For the microphone array before changing, direction of arrival (reference direction angle i.e. described above) is that the position of reference microphone isCi, space coordinate is set as=[^, ^ ,], and the microphone position of the microphone array other end is set as bi, space coordinate is set asδ=[,], while assuming that the azimuthal coordinates (i.e. with three axes angulation) of this microphone array alignment are=k, A ,], such bi can be usedCiTo indicate to make:

bi = [xbj, ybi, zbi ] = [xcj - d cos ai, yd - d cos βί, zci - d cos (5) similarly, for the microphone array after changing, direction of arrival (reference direction angle i.e. described above) is1, the position of reference microphone is ci+1, space coordinate is set as And the microphone position of the microphone array other end is set as bi+1, space coordinate is set as=Ι (') ' ' z('+i) J, while installing the azimuthal coordinates of this microphone array alignment

(i.e. with three axes angulation) is ι= ["'·+ι, Α+1, ^], such bi+1C can be usedi+1To indicate to make:

i = k(!+i) , yb(M) , zb(M) J = k(!+i) - d cos ai+l , yc(M) - d cos βί+ι , zci - d cos γί+ι J ( 6) it is then assumed that microphone array line position direction change bring angle and with change in displacement, orientation from become this change vector be denoted as:

△ = [△",■ , , A i ] = k+1 - ( , βί+ι - β, , rM -Yi] ( 7 )

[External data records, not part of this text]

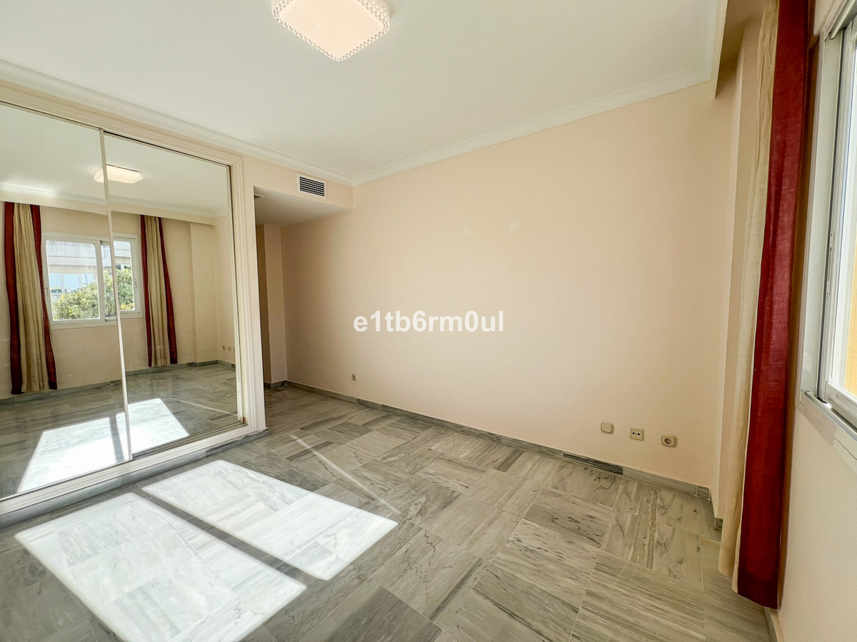 MARBELLA GOLDEN MILE • WEST FACING • WITHIN WALKING DISTANCE TO THE BEACH AND ALL AMENITIES • Superb well-situated West-facing two bedroom apartment on the desirable Marbella's Golden Mile, within walking distance to the beach and an array of amenities such as supermarkets, restaurants, shops and transports facilities. The fully gated complex offers well-maintained tropical gardens, large swimming pool, paddle court and lifeguard during the summertime. The bright apartment comprises: entrance hall with cloak room, living/dining room with access to the afternoon sun terrace, master bedroom en suite, guest bedroom, separate bathroom and a fully fitted kitchen with adjoined utility room. Features include: an underground car parking space, A/C H+C, marble floors throughout. Perfect as a holiday home, permanent residence or investment, in a quiet complex without road noise and yet, close to the buzz of Marbella's beaches along the Golden Mile. Sold fully furnished.
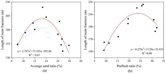 Relationships between fracture length and (a) average sand ratio; (b) preflush ratio.
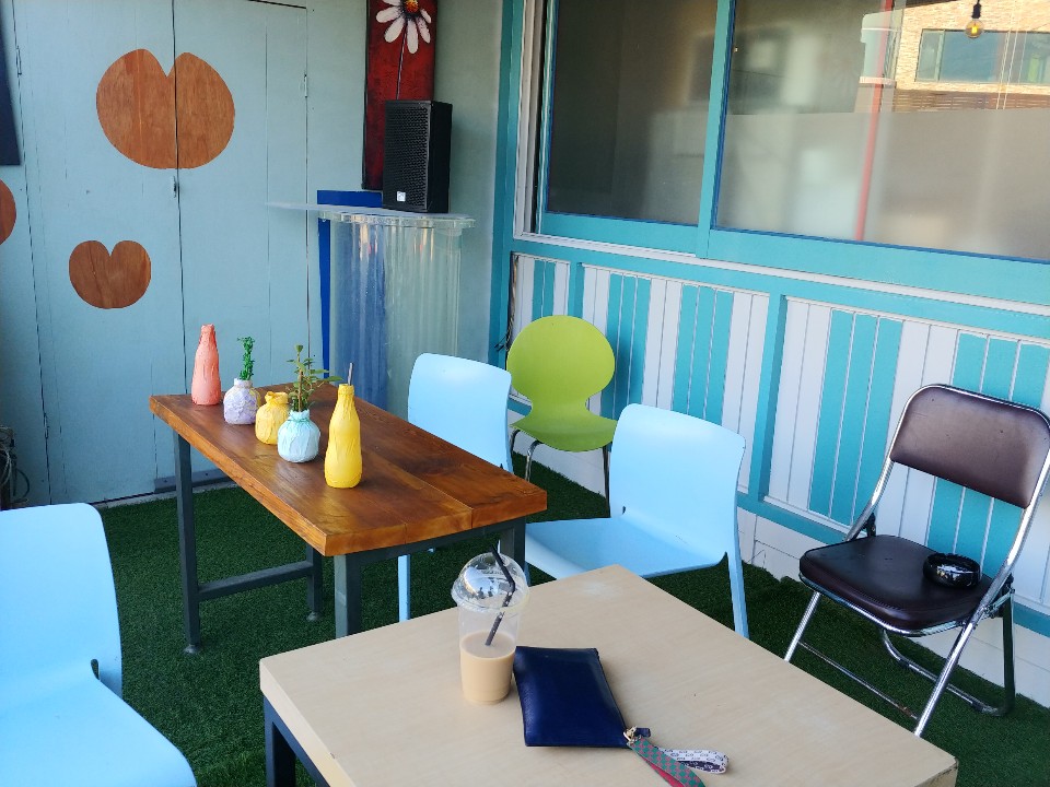 여기가 제부도 카페 수다카페의 바다뷰를 볼 수 있는 테라스에요. 창은 뚫려있어서 강한 햇빛이 들어오기두하구 바닷바람도 솔솔 들어온답니다. 더운 여름에 갈 때에는 좀 더울 수 있어요. 햇빛이 강하기 때문에요.
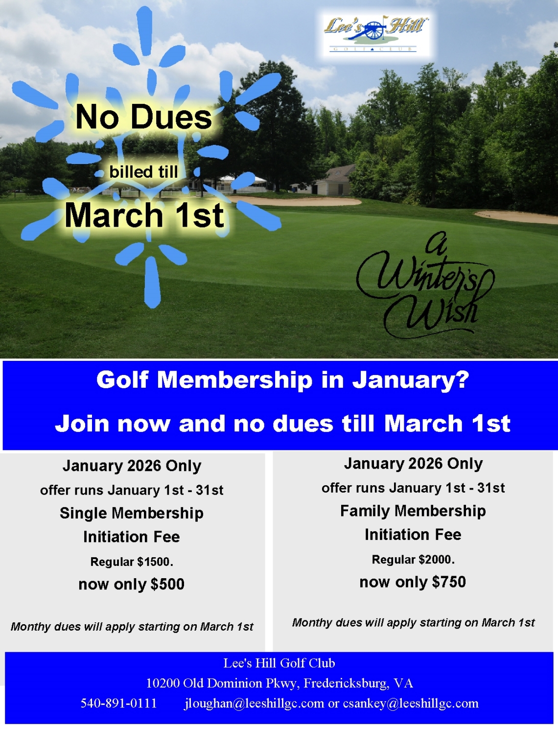 Call for Tee Times 540-891-0111 ******** Lee's Hill Golf Club Collection site for donated items only in support of all area SPCA's. Click here for details. *********** Lee's Hill Member Guest Special Thank you to our list of Sponsors ********** Fundraiser? Let us help. Click here or go to Golf Outing on the home page. *** *******
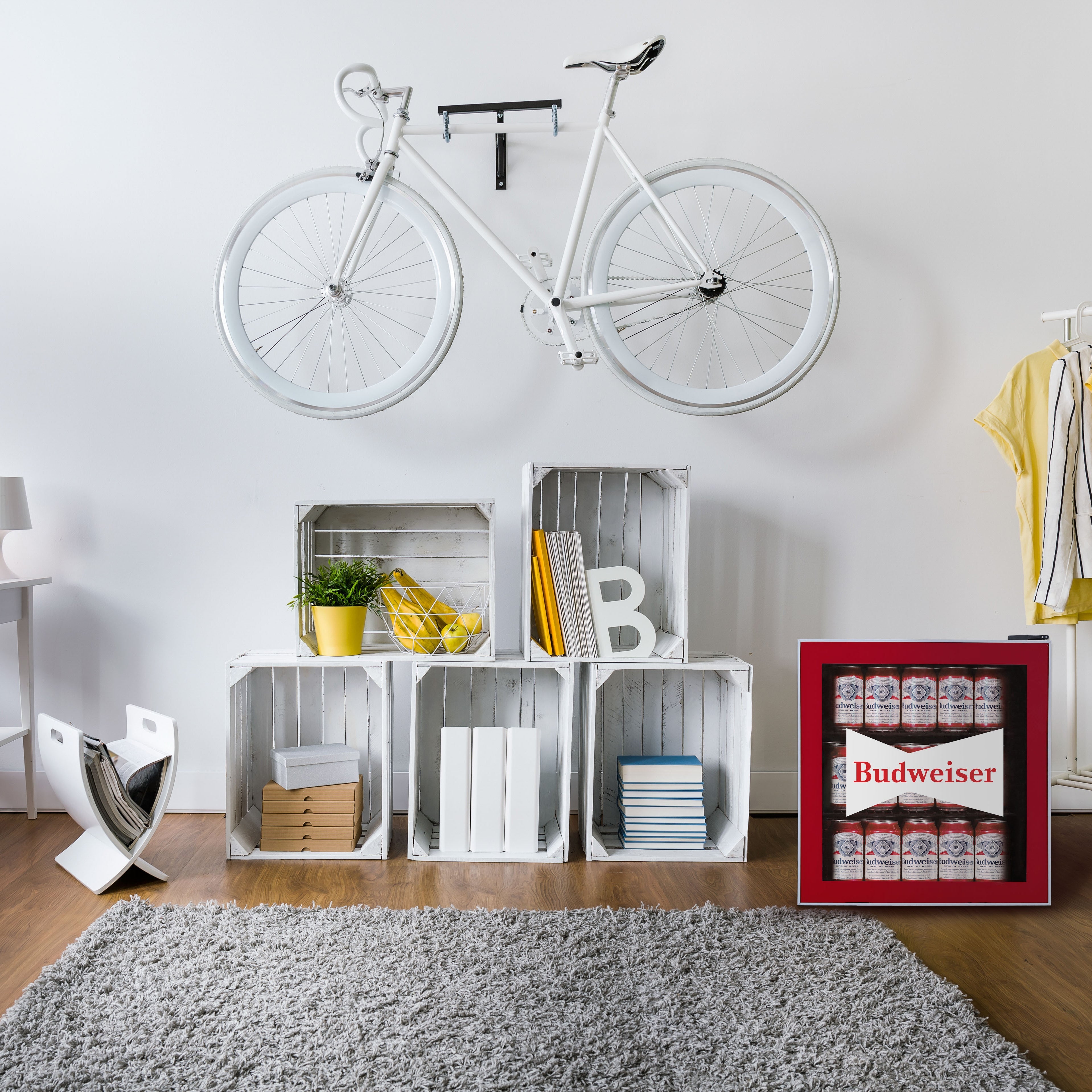 Keep up to 70 cans or 17 bottles cool with your stylish Budweiser bar fridge.
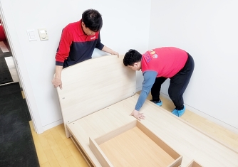 영구이사 전용차량 및 전용자재 사용 이중 비닐포장 및 바닥보강, 덧신 착용 양호
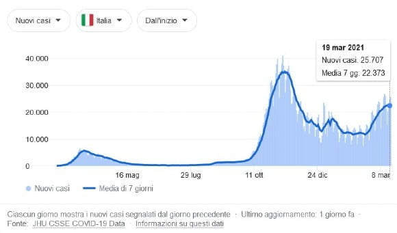 Figura 1. Nuovi casi di contagio (e media calcolata su 7 giorni) in Italia (Fonte: JHU CSSE COVID-19 Data)
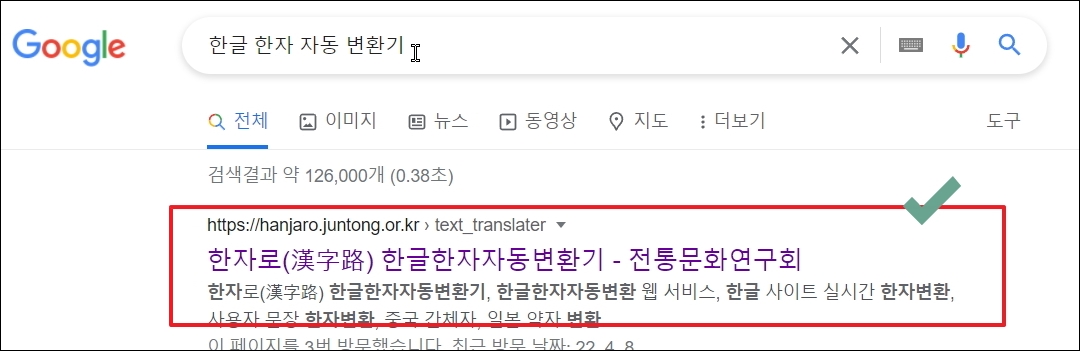 ▼첫 번째는 전통문화연구회에서 운영하고 있는 프로그램을 이용한 방법입니다. 당연히 무료로 이용할 수 있고, 사용법이 정말 쉽습니다. "한글 한자 자동 변환기" 검색을 통해 해당 웹사이트에 빠르게 접속이 가능합니다.
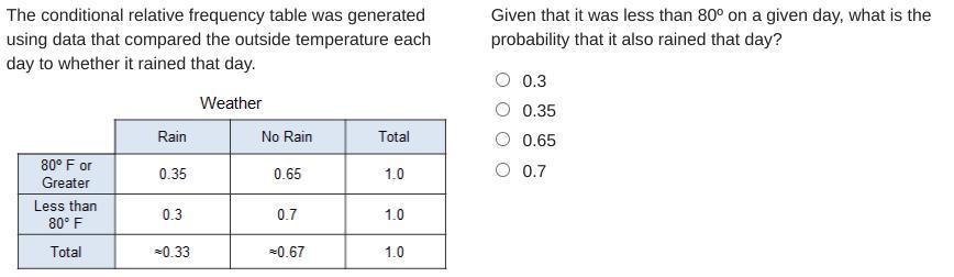 Looking at the row for "Less than 80° F", the column for "Rain" shows a 0.3 probability in the table. Therefore:
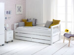 As well as a head and foot board the bed benefits from a back rail creating the stylish day bed look. Under the bed is a pull out trundle bed with 2 storage drawers below that. This white bed is available with a choice of 5 gable ends: flat white, grey, rose, slatted and tongue & groove.
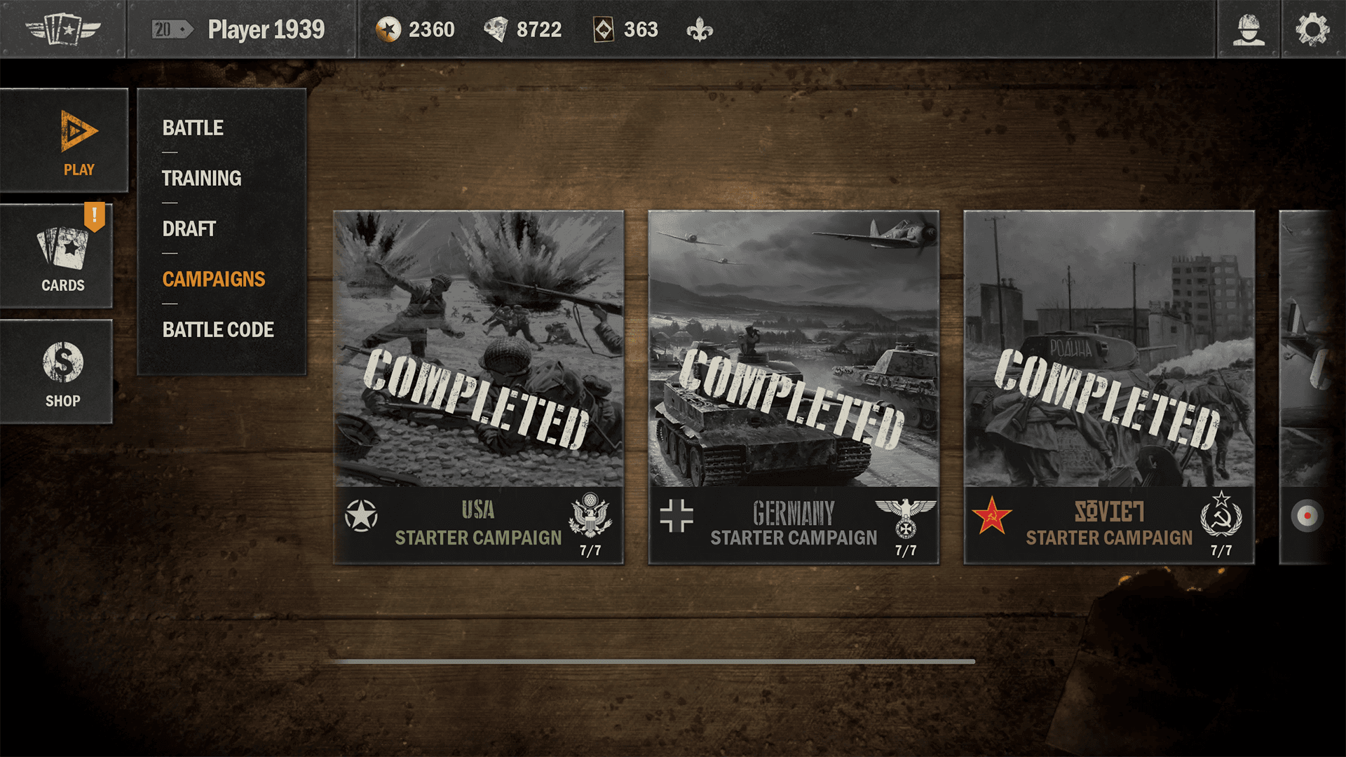 After completing the initial US or German training campaigns, you can try out Battle (PVP) directly and/or other parts of the game. However, we recommend completing the Starter campaigns for each of the other main nations early on, as it’s a great way to get to know all the nations as well as collecting a bunch of cards. This will in turn help you improve your starter decks greatly (See tip 2 below).
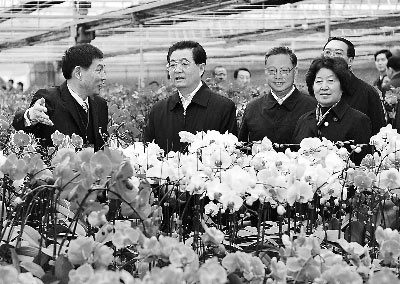 2010年2月12日,中共中央總書記胡錦濤考察漳浦臺灣農民創業園,了解臺灣農民生產經營情況。 記者 鄭杰 攝
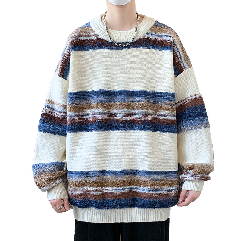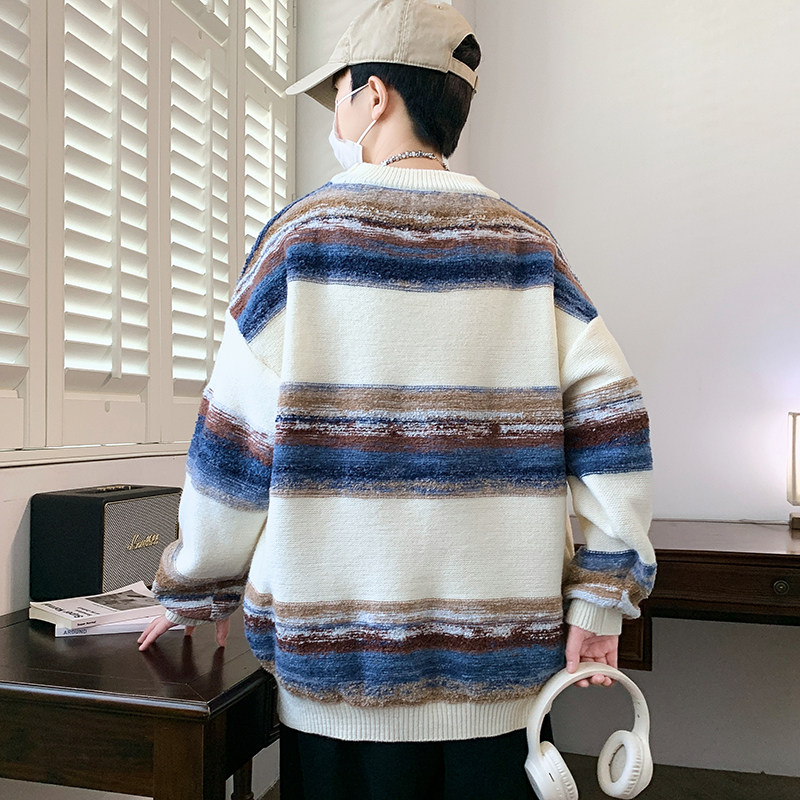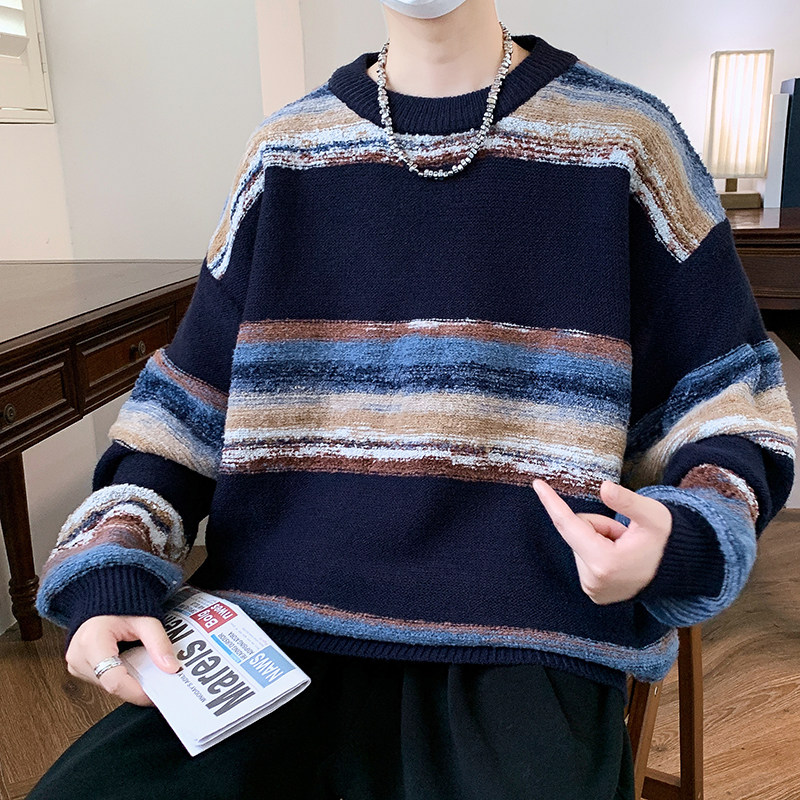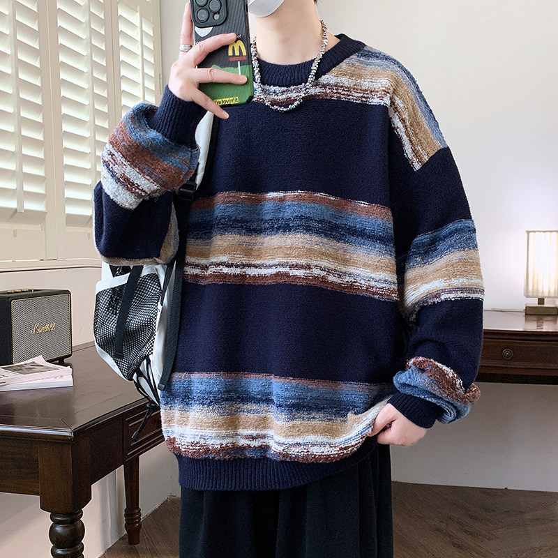以纯慵懒风条纹毛衣宽松潮牌保暖
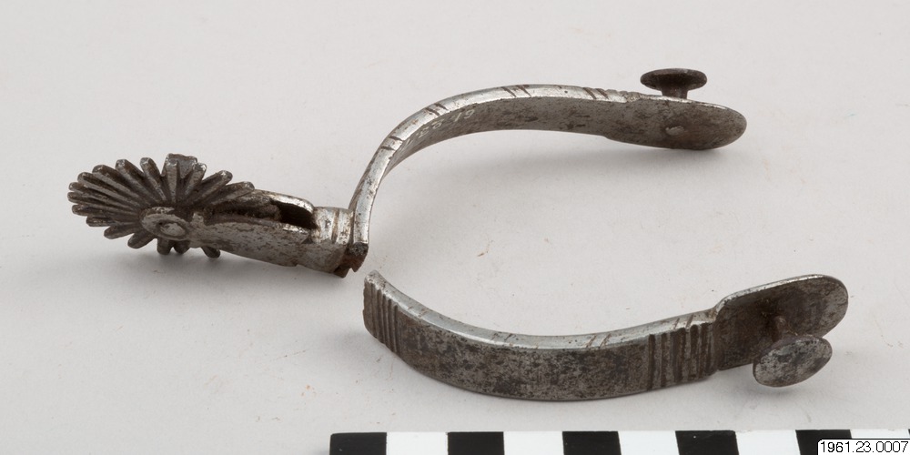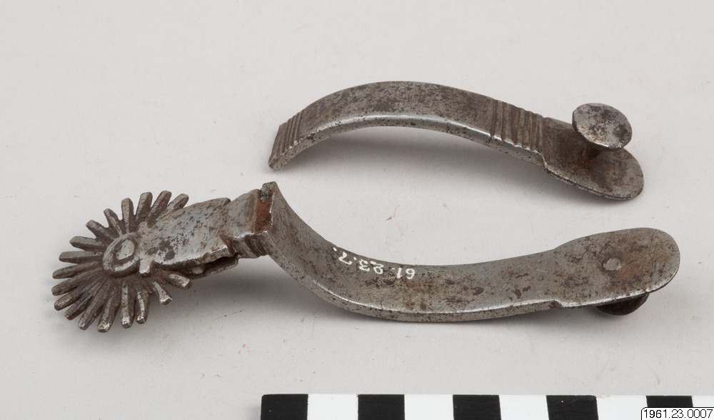 • Sporre av silverbeslaget järn och med reliefdekor. Klingan är nu fast. Föremålet är i två delar.

The position of reference microphone becomes c from Cii+1, motion vector is denoted as:

= ( 8) the two vectors described aboveΔWithΔIt can be obtained by mobile phone gyroscope, and corresponding changing value can be provided in time with the variation in per moment mobile phone location orientation. There is the known variable about the variation of mobile phone array lines of the above, it below will be according to figure

Geometrical relationship in 10 seeks Θ indeed through variableΔΘ is sought with ^, mobile phone displacement and the azimuth information after variation are sought according to the change information in the displacement of the microphone array of information and gyroscope offer before mobile phone location Orientation differences in communication process and direction, so as to find out the direction of arrival e of the sound generation source at this momenti+1

The angle value Θ of direction of arrival is just derived by the parameter information in space belowi+1.It can find out from Figure 10, origin in three-dimensional space, bi,CiAnd origin, bi+1 , ci+1Two triangles are constituted, using the angle of triangle and the relationship on side, can be obtained:

_ xd cos ai + yci cos βί + zci cos

d 2 + (xc 2 (M) + yc 2 (M) + zc 2 (M) )- ((xc(M) - d cos aM J + (yc(M) - d cos βΜ + (zc(M) - d cos γί+

¾+i) cos«.+1 + yc(i+l) cos^.+1 + zc(i+l) cosf.+1

(10) consider relational expression (7) and (8), bring above formula into and be unfolded, can be obtained:

+ Δ¾ )cos(a,. + Δα; )+ (ycl + Aycl )cos(^. + Δ ; )+ (zcl + Azcl )cos(/; + Δ;

l(¾ + Δ „· j + [yci + Ayci ) + [zci + Azci ) ) ( n )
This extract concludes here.